* GOAL OF THE EXERCISE *
From the entries below, return only the lines starting at the one that contains "Select the dropdown" and ending at the one that contains "Lechuga envuelta masitas", exactly as they stand.

* AVAILABLE DATA *
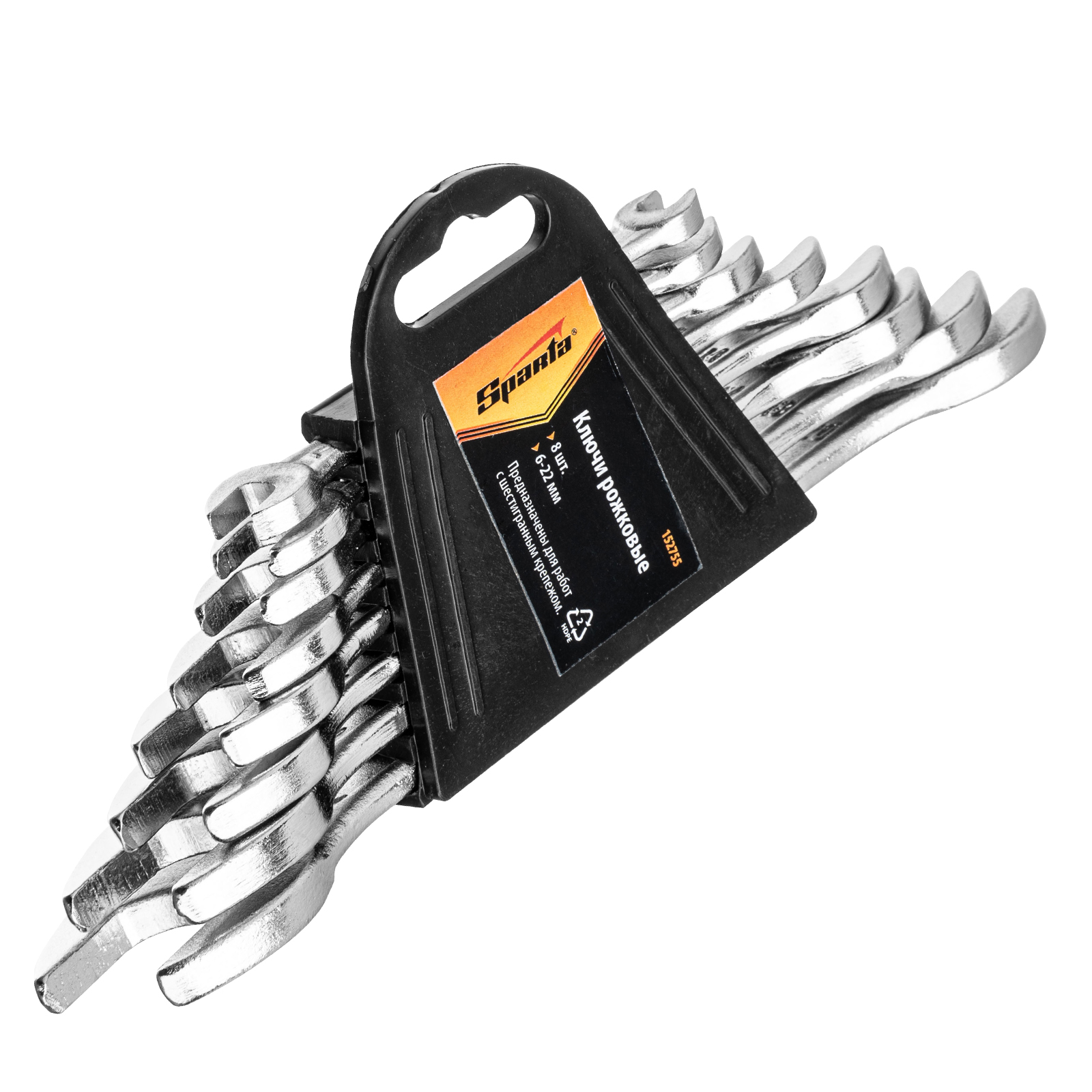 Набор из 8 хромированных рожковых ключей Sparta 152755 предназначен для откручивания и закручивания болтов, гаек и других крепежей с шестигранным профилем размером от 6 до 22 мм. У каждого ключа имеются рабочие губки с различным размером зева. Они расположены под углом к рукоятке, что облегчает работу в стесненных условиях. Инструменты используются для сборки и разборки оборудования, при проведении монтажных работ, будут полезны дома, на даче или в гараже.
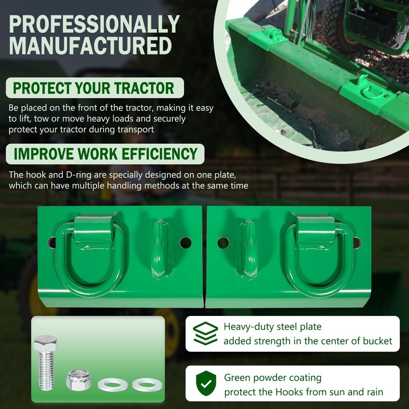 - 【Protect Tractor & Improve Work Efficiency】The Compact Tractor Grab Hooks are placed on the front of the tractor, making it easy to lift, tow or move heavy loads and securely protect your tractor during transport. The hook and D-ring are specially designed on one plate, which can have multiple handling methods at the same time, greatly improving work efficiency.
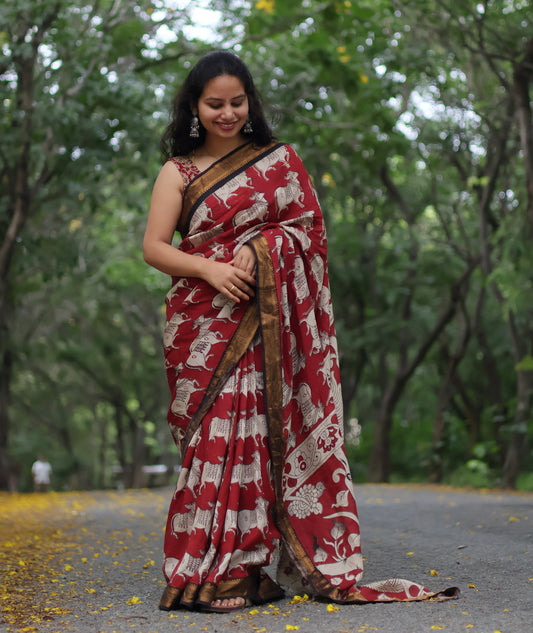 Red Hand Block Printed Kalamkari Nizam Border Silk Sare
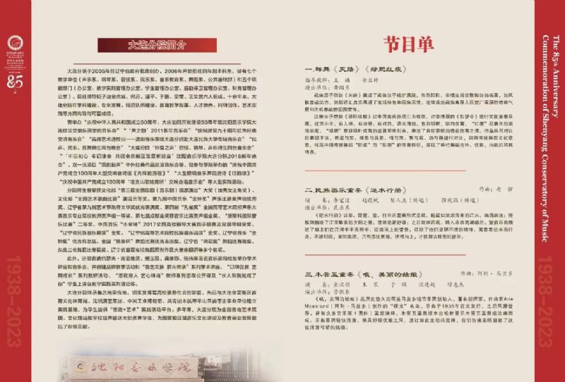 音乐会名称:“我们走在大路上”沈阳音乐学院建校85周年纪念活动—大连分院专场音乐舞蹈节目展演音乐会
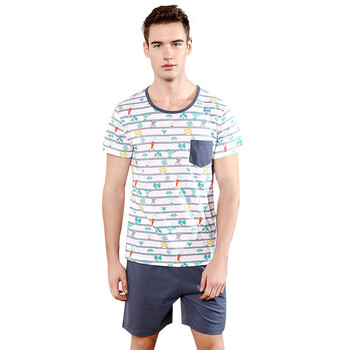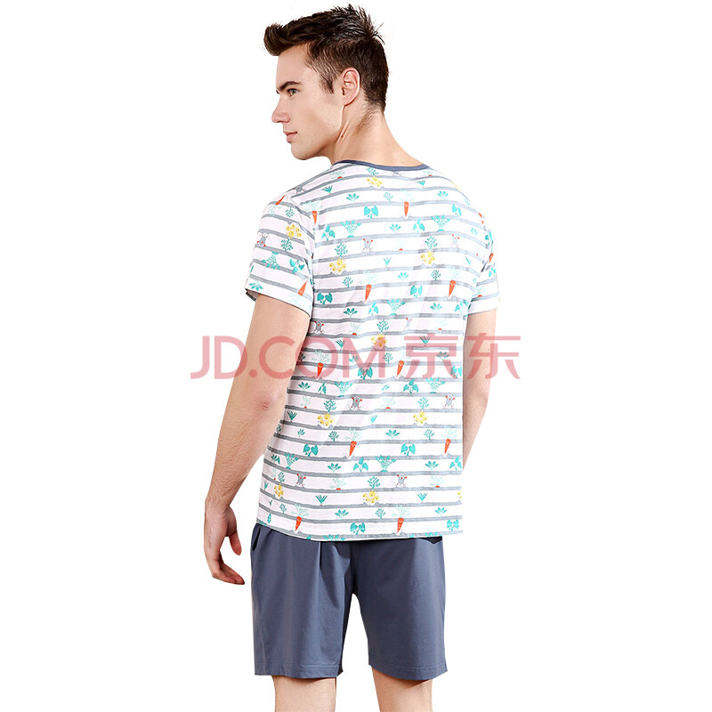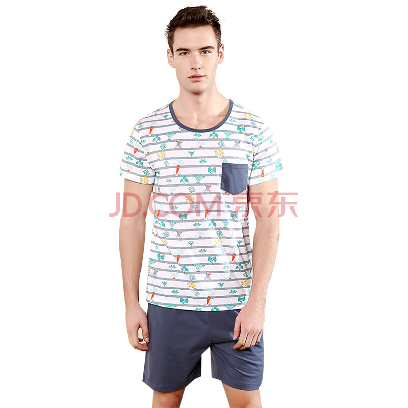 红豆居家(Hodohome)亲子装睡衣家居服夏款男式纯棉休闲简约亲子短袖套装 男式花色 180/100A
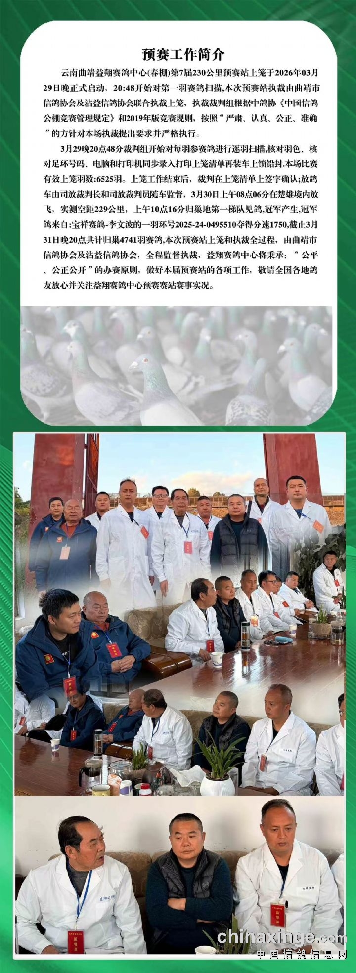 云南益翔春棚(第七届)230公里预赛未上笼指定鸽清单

* * *

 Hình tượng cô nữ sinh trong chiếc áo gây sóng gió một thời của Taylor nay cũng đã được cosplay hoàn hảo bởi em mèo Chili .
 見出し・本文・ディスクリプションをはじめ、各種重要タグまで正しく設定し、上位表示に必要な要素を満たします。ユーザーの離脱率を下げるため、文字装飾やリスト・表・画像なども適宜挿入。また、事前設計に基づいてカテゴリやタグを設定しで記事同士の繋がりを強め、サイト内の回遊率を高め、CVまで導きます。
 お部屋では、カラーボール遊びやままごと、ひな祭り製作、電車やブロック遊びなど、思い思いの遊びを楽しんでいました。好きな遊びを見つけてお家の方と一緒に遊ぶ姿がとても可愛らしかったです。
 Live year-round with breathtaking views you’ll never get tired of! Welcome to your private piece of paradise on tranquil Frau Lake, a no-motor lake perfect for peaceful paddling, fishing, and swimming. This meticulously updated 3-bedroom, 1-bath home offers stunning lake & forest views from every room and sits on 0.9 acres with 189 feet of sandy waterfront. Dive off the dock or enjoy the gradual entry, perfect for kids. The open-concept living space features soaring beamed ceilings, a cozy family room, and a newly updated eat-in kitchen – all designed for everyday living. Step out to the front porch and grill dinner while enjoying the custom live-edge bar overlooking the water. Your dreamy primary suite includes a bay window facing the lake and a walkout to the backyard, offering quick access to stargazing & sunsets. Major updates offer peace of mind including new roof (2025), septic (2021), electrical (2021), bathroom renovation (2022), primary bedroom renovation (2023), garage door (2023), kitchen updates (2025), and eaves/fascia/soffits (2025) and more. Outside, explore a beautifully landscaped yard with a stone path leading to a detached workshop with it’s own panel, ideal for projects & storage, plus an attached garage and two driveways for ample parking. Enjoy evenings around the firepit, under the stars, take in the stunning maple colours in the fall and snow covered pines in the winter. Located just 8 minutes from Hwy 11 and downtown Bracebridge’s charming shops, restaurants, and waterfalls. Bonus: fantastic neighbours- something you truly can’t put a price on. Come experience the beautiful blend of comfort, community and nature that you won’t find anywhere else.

---

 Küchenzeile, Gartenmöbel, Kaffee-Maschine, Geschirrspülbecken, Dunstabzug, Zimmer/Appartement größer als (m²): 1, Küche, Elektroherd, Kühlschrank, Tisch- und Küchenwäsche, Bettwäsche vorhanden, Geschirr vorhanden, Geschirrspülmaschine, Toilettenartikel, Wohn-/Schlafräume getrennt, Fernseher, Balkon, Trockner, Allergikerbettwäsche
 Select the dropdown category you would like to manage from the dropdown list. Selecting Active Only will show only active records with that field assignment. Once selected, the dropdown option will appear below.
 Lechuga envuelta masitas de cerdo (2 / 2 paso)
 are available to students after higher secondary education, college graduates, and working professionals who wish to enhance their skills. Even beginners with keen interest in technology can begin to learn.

* COMPLETED TASK *
 Select the dropdown category you would like to manage from the dropdown list. Selecting Active Only will show only active records with that field assignment. Once selected, the dropdown option will appear below.
 Lechuga envuelta masitas de cerdo (2 / 2 paso)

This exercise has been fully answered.